KFC, Pop Mart reap sizzling award from cooperation

Updated: Jan 11, 2022
Some KFC & Dimoo toys are on display at a KFC store in Beijing. [Photo provided to China Daily]

The recent collaboration between the world's leading chicken restaurant chain KFC and top domestic blind box producer and toymaker Pop Mart has created a frenzy on the internet, with consumers sharing photos or videos of dozens of fried chicken "family buckets" in exchange for toys.

Last week, KFC China began selling a total of 260,000 toy sets with its 99-yuan ($15.45) family-sized chicken bucket at its restaurants nationwide. Each toy set features seven kinds of images of Dimoo, one of the top five intellectual properties created by Pop Mart. Among the seven, six can be obtained by chicken bucket purchases while the seventh hidden image can only be unlocked when another six are collected.

By Friday, more than 85 percent of the toys were sold across the nation, with the rest of the sales delayed in cities affected by the COVID-19 pandemic, said Pop Mart.

On e-commerce platforms that trade secondhand products, Dimoo&KFC toys are already seen on shelves, with the set of six toys now priced at 768 yuan. The hidden character is sold at 799 yuan per unit, eight times higher than its original price.

At KFC restaurants, spending on family chicken buckets for a set of six totals 594 yuan.

Till Monday on Chinese social platform Weibo, the topic Dimoo &KFC has been read 91.48 million times and discussed 16,000 times, and some 4,300 related original content items were created. According to a report by news website Jiemian, a collector spent 10,494 yuan on 106 sets of chicken buckets for the toy sets, triggering even bigger discussion on social platforms.

"The heat of KFC and Dimoo toys is one of the reflections of the latest trend that international brands have joined with domestic top IPs in cashing in from younger Chinese consumers," said Jason Yu, managing director of Kantar Worldpanel China.

Liu Rubing, who leads the Dimoo& KFC project at Pop Mart, said it took almost a year to launch the toys. The launch of the merchandise during KFC's 35th anniversary in China is meaningful for a domestic culture brand.

The choice made by the two sides, Dimoo-a slightly troubled boy who grew up with his friends with expectations of a better life-adds interactive elements to KFC's food sets, making it funnier for young consumers, Liu said.

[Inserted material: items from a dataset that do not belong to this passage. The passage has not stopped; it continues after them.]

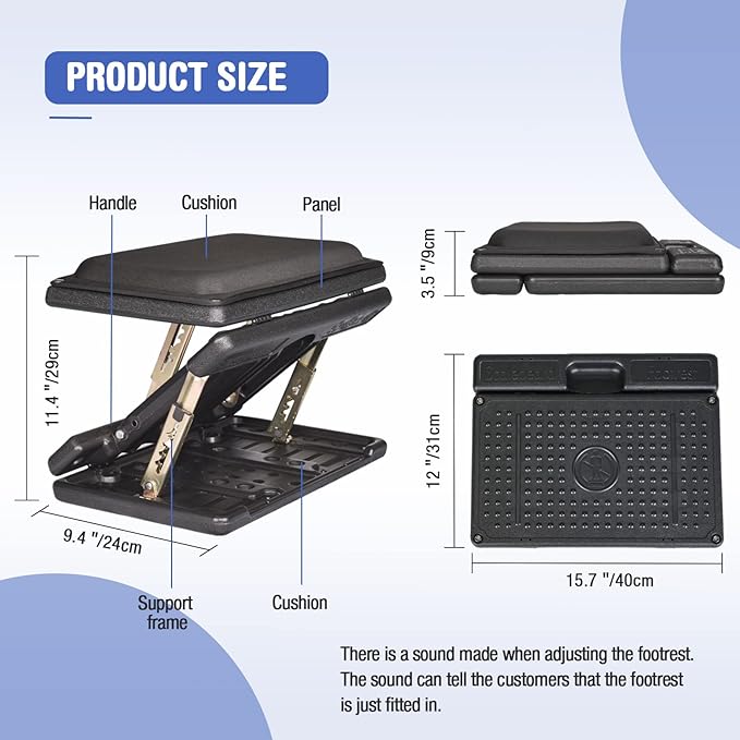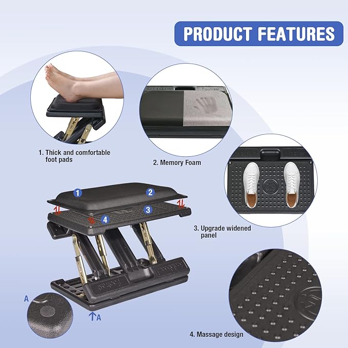 - ♥Friendly Notice: Please refer to the video about how to operate the footrest!!When you sitting on the stool, you cannot sit on the edge of the panel , the max load weight cannot exceed 120 pounds.Life is precious, cherish health, care for the body, take care of your legs and feet, both work at home,in office,this footrest is the ideal choice. You deserve it.
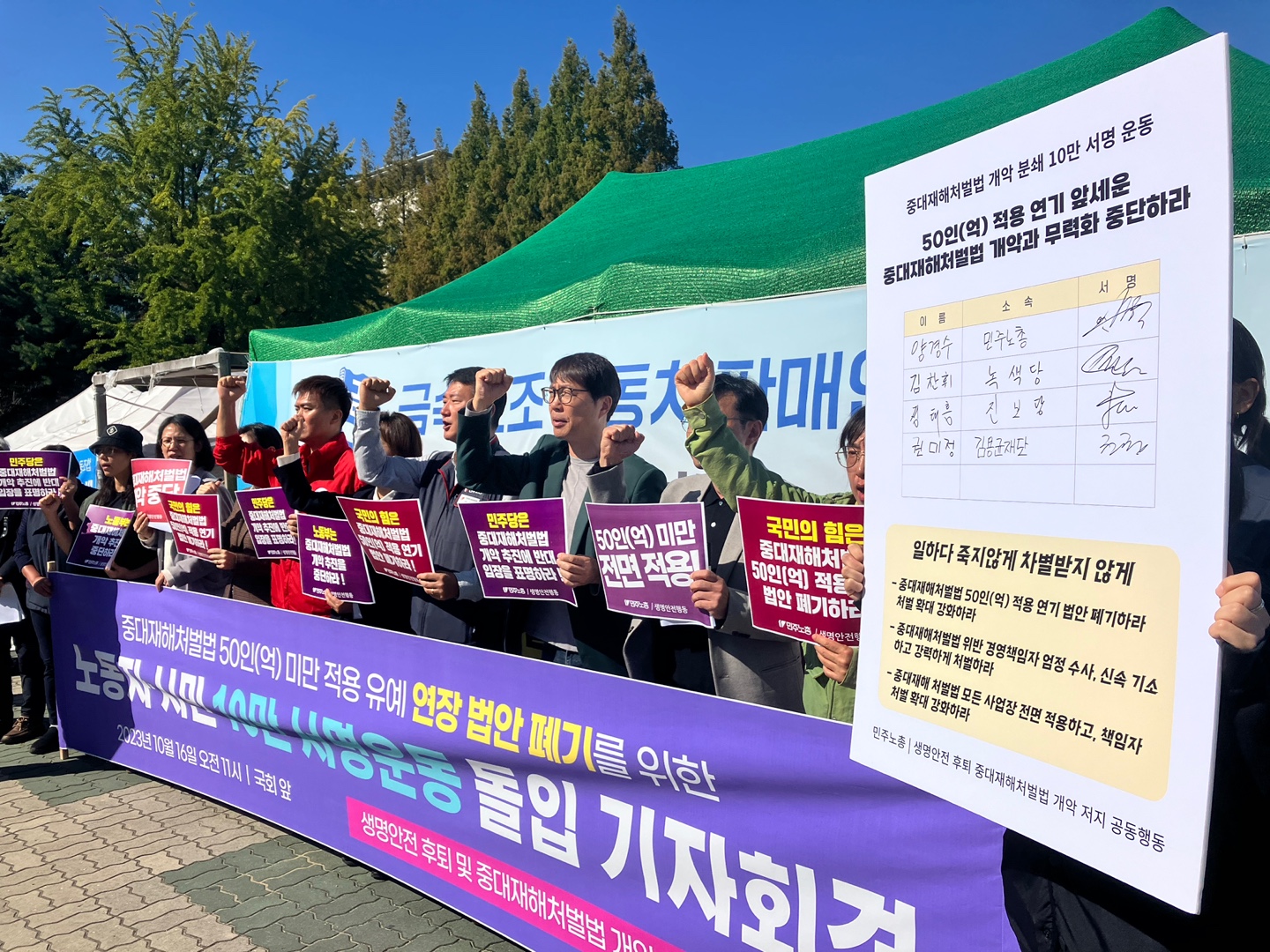 ¡ãÀü±¹¹ÎÁֳ뵿Á¶ÇÕÃÑ¿¬¸ÍÀº 16ÀÏ ¿ÀÀü ¼¿ï ¿©Àǵµ ±¹È¸ ¾Õ¿¡¼ 'Áß´ëÀçÇØÃ³¹ú¹ý 50ÀÎ(¾ï) ¹Ì¸¸ Àû¿ë À¯¿¹ ¿¬Àå ¹ý¾È Æó±â¸¦ À§ÇÑ ³ëµ¿ÀÚ¤ý½Ã¹Î 10¸¸ ¼¸í¿îµ¿ µ¹ÀÔ ±âÀÚȸ°ß'À» ¿¾ú´Ù. (ÀÌÀçÇå ±âÀÚ jh59@)
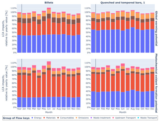 Temporal dynamics in the Life Cycle Inventory (LCI) may happen both at the level of primary or secondary data. Primary data are defined as data directly collected within the LCA study, while secondary data are used when the former are missing [22]. In the industrial context, primary data are generally collected from the production facility under study, which constitutes the foreground system of the LCA. In contrast, secondary data are generally employed for the background system of the LCA, i.e., processes outside the boundaries of the production facility, such as the supply chain of raw materials used for manufactured products. Still within the industrial context, the generation of LCAs is scarcely automated, with the chosen time resolution being generally much greater than the product or process lead time [23]. This means that primary data from production processes are collected at a low frequency and LCAs are computed relatively to the cumulated production, obtaining results for an average product related to a yearly time horizon, which coincides with the yearly temporal resolution of the study. As a consequence, LCAs in industry do not point out the details of the single products, which can yet vary over short time scales [17]. Therefore, static LCAs may not reflect in a satisfactory way the reality of industrial processes, reducing the already limited awareness of decision makers about possible efficiency improvements of production and trade-offs between costs and environmental benefits [15,16]. In addition, the difficulty concerning retrieving high temporal resolution primary data which can be readily used to identify hotspots and trade-offs discourages the systematic and periodic use of environmental assessments within quality management systems in industry [24,25].
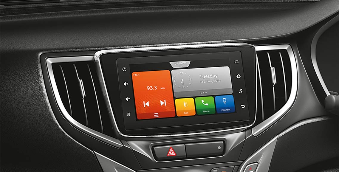 It features state-of-the-art Smartplay Studio that lets you text, call, navigate, listen to music and much more, all with one touch. The Smartplay system can also function using the Mounted Auto Controls on the steering wheel. You can even simply use your voice for the same. Moreover, you can now toggle between these functions with ease by simply connecting it to your smartphone which will make for an even smoother experience. The Tilt & Telescopic Steering allows you to adjust the steering column according to your convenience so that you feel nothing but comfort as you drive into the night. The coloured TFT Multi Information Display is another convenient feature in the bold Baleno that gives you a complete overview of everything that is happening in the car.
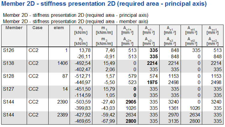 - Required areas – areas of the reinforcement which are used for the CDD calculation (user or required areas)
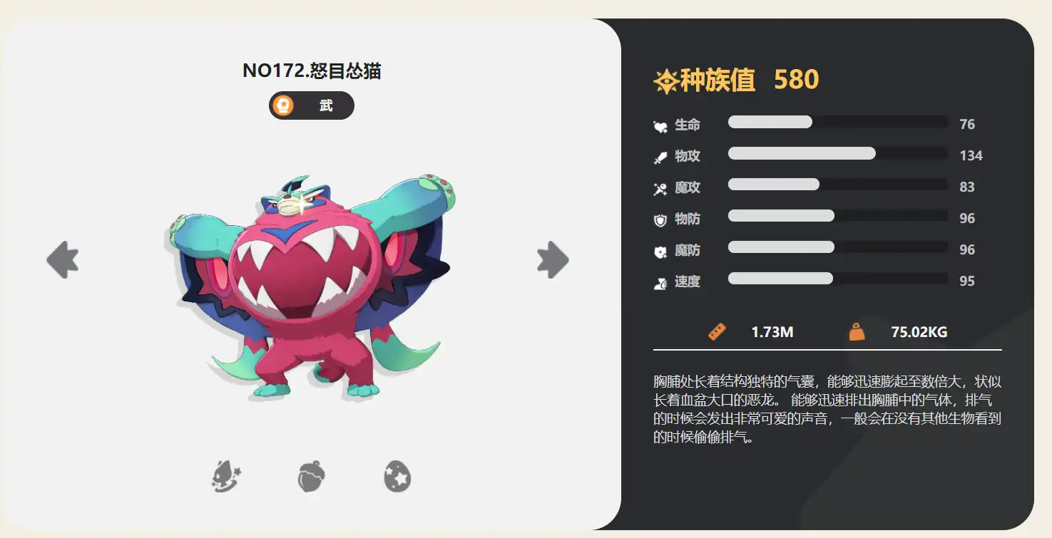 从属性上看,怒目怂猫在生命值、魔攻和速度上表现较为优异,同时其物攻属性也较为均衡,能够适应不同的战斗环境。
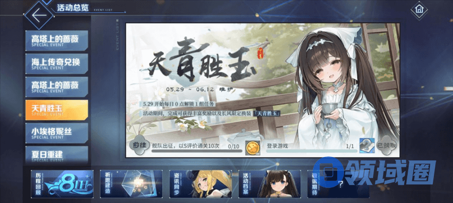 同时,游戏内联动活动「天青胜玉」现已上线,指挥官只需累计完成7日活动任务,即可获得长风联动限定换装「天青胜玉」及其它奖励。
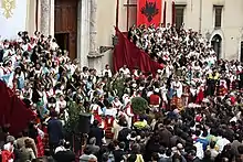 The national ethnonym Albanian and its variants are derived from Albanoi, first mentioned as an Illyrian tribe in the 2nd century CE by Ptolemy with their centre at the city of Albanopolis, located in modern-day central Albania, somewhere in the hinterland of Durrës.[95][81][96][97][98][99] Linguists believe that the alb part in the root word originates from an Indo-European term for a type of mountainous topography, from which other words such as alps are derived.[100] Through the root word alban and its rhotacized equivalents arban, albar, and arbar, the term in Albanian became rendered as Arbëneshë/Arbëreshë for the people and Arbënia/Arbëria for the country.[80][81] The Albanian language was referred to as Arbnisht and Arbërisht.[96] While the exonym Albania for the general region inhabited by the Albanians does have connotations to Classical Antiquity, the Albanian language employs a different ethnonym, with modern Albanians referring to themselves as Shqip(ë)tarë and to their country as Shqipëria.[81] Two etymologies have been proposed for this ethnonym: one, derived from the etymology from the Albanian word for eagle (shqipe, var., shqiponjë).[83] In Albanian folk etymology, this word denotes a bird totem, dating from the times of Skanderbeg as displayed on the Albanian flag.[83][101] The other is within scholarship that connects it to the verb 'to speak' (me shqiptue) from the Latin "excipere".[83] In this instance the Albanian endonym like Slav and others would originally have been a term connoting "those who speak [intelligibly, the same language]".[83] The words Shqipëri and Shqiptar are attested from 14th century onward,[102] but it was only at the end of 17th and beginning of the early 18th centuries that the placename Shqipëria and the ethnic demonym Shqiptarë gradually replaced Arbëria and Arbëreshë amongst Albanian speakers.[81][102] That era brought about religious and other sociopolitical changes.[81] As such a new and generalised response by Albanians based on ethnic and linguistic consciousness to this new and different Ottoman world emerging around them was a change in ethnonym.[81]

The IP licensing business at Pop Mart, which operates more than 250 offline stores and some 1,700 vending machines in the country by September, worked on a dozen collaborations last year, with more in the pipeline set for this year, she added.

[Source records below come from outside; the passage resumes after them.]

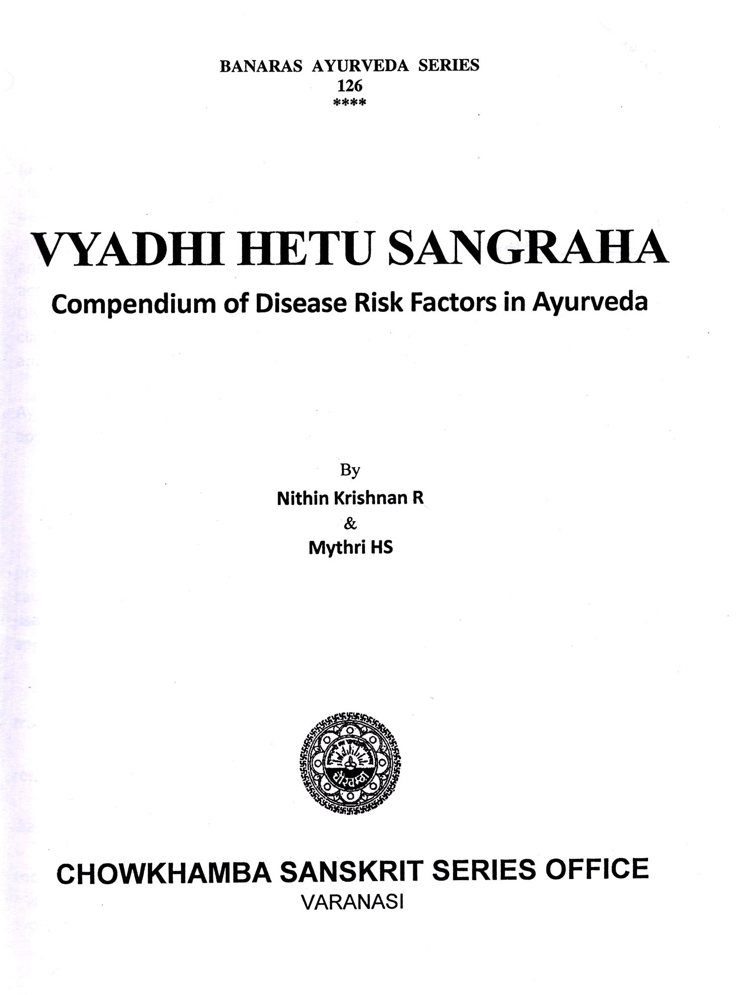 Despite the profound wisdom contained in classical Ayurvedic texts, a systematic and structured compilation of all disease risk factors has remained a need in Ayurvedic academia, research, and clinical practice. Vyadhi-Hetu-Sangraha, or "Compendium of Disease Risk Factors in Ayurveda," has been envisioned as an effort to consolidate, classify, and translate the causative factors of diseases for easier reference, research, and practical application.
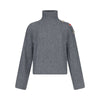 Dolcevita in maglia. Filati in lana. Lavorazione a trecce. Bottoni gioiello sulla spalla.
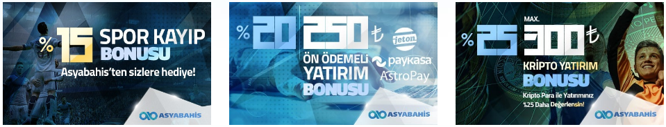 Asyabahis bonus seçenekleri sayesinde de hızla gelişip üye sayısını artırmıştır. Sitede yer alan bonuslar zamanla güncellenip bonus olarak verilen rakamlar artırılmaktadır. Bu sebepten ötürü bahis severlerin Asyabahis bonusları takip etmeleri gerekmektedir. Asyabahis bonusları; Casino Reload Bonusu, Ön Ödemeli Yatırım Bonusu, Kripto Yatırım Bonusu, Spor Kayıp Bonusu, Havale Yatırım Bonusu, Günlük Casino ve Canlı Casino Kayıp Bonusu, Kombine Bonusu, Casino Kayıplarına Sanal Sporda 30 TL Freebet, QR / Cepbank Bonusu, Gece Kayıp Bonusu, Casino Hoş Geldin Bonusu, Hoş Geldin Bonusu olarak sıralanmaktadır. Bu bonusları kullanabilmek Asyabahis kullanıcılarının bonus kurallarına uymaları ve bonusları siteden talep etmeleri sonrasında gerçekleşmektedir.

How to blend its trendy cultural elements with the high-end luxury sector and daily life sector to have its IPs better integrated into consumption phenomena, such as cosmetics, clothing and catering, is key to Pop Mart's growth, Liu said.

The company's market value fell to HK$61.8 billion ($7.93 billion) on Monday, down by nearly 60 percent from its peak of HK$147.2 billion early last year.

This month, the company has lined up with Beijing Chaoyang Park to develop a theme resort as part of its efforts in businesses apart from blind box toy and IP licensing.

Meanwhile, under the influence of guochao-a trend representing the rise of homegrown brands that weave Chinese cultural elements into their design or branding-international brands are embracing domestic IPs or brands.

Kantar Worldpanel said that in the past three years, the market share of domestic brands, particularly in fast-moving consumer goods categories, has been rising while that of imported brands has been shrinking.

Factors for the development include the changing value and preferences among Generation Z, the continued improvement of the quality and innovations from Chinese brands, and the rise of cultural confidence, said Kantar.

Jiang Nini, head of the confectionary and ice cream unit at Nestle China, said younger consumers in China have higher recognition toward Chinese culture and are more proud of the concept of made-in-China products.

Aimed at tapping young consumers, Nestle's new ice cream product Yue Xin Yi, which plays up traditional Chinese aesthetics in its branding, flavor and packaging, is one of the company's efforts embracing guochao to reach more consumers.